Segment Start: Raw data
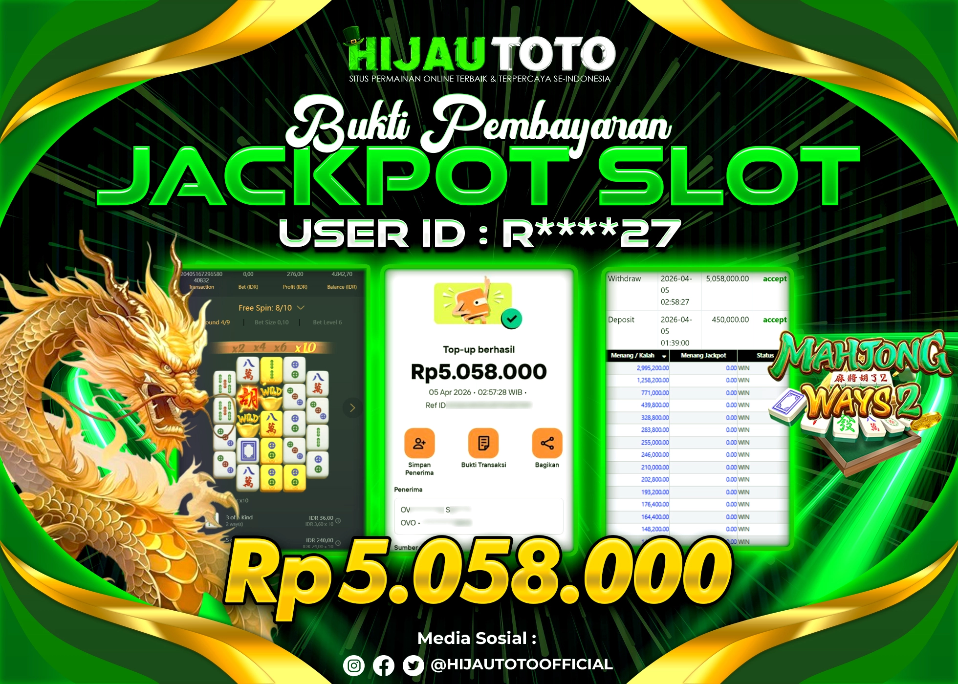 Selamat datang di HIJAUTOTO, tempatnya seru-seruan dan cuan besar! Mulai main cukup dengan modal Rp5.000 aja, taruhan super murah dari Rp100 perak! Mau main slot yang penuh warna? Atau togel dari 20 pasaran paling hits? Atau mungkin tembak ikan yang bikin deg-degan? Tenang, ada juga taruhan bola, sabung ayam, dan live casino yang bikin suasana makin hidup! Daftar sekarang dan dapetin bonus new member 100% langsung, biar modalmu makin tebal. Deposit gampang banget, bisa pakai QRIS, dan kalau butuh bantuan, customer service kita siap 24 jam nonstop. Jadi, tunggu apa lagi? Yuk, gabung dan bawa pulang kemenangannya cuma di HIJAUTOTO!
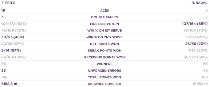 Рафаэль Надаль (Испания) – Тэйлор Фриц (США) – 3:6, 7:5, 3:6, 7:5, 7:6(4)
Segment End: Raw data
Segment Start: Raw data
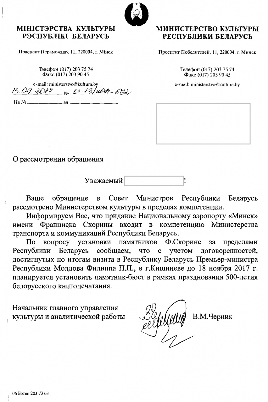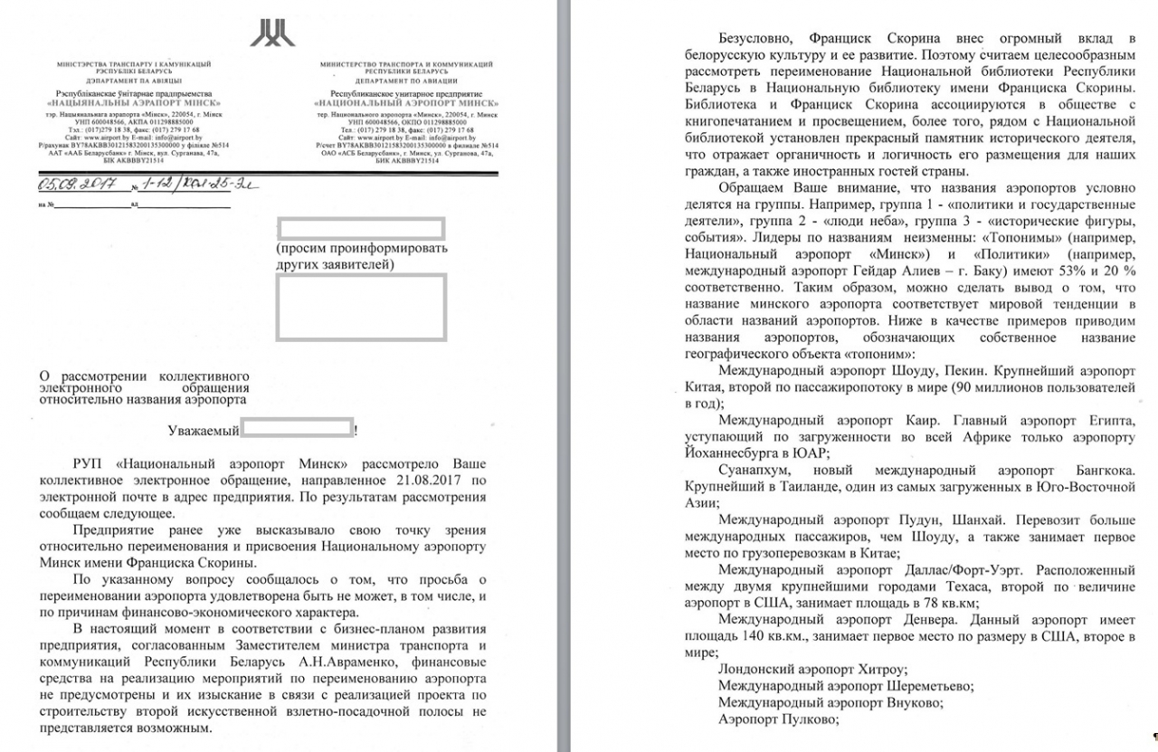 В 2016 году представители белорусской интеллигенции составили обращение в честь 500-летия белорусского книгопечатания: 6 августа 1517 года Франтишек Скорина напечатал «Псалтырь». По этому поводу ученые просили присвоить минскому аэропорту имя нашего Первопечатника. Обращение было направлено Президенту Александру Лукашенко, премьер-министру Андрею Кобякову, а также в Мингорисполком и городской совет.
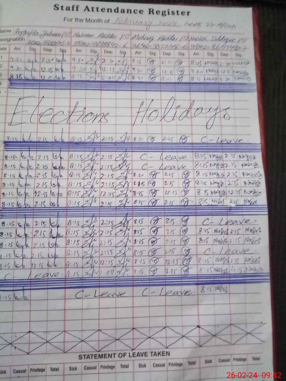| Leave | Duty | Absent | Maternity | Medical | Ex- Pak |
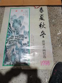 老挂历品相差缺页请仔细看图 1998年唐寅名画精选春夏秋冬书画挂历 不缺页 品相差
Segment End: Raw data
Segment Start: Raw data
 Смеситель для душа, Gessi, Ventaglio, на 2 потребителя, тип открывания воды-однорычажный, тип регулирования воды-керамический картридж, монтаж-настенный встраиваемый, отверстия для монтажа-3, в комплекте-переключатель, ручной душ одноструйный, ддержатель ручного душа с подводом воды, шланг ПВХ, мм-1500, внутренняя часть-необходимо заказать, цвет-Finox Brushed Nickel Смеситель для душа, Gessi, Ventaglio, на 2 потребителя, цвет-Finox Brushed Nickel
Segment End: Raw data
→ Work instruction
Using the data above, which lines fall from the one with "Selamat datang di" through the one with "Рафаэль Надаль (Испания)"? Repeat them exactly, ends included, minus any pictures.

→ Task result
 Selamat datang di HIJAUTOTO, tempatnya seru-seruan dan cuan besar! Mulai main cukup dengan modal Rp5.000 aja, taruhan super murah dari Rp100 perak! Mau main slot yang penuh warna? Atau togel dari 20 pasaran paling hits? Atau mungkin tembak ikan yang bikin deg-degan? Tenang, ada juga taruhan bola, sabung ayam, dan live casino yang bikin suasana makin hidup! Daftar sekarang dan dapetin bonus new member 100% langsung, biar modalmu makin tebal. Deposit gampang banget, bisa pakai QRIS, dan kalau butuh bantuan, customer service kita siap 24 jam nonstop. Jadi, tunggu apa lagi? Yuk, gabung dan bawa pulang kemenangannya cuma di HIJAUTOTO!
 Рафаэль Надаль (Испания) – Тэйлор Фриц (США) – 3:6, 7:5, 3:6, 7:5, 7:6(4)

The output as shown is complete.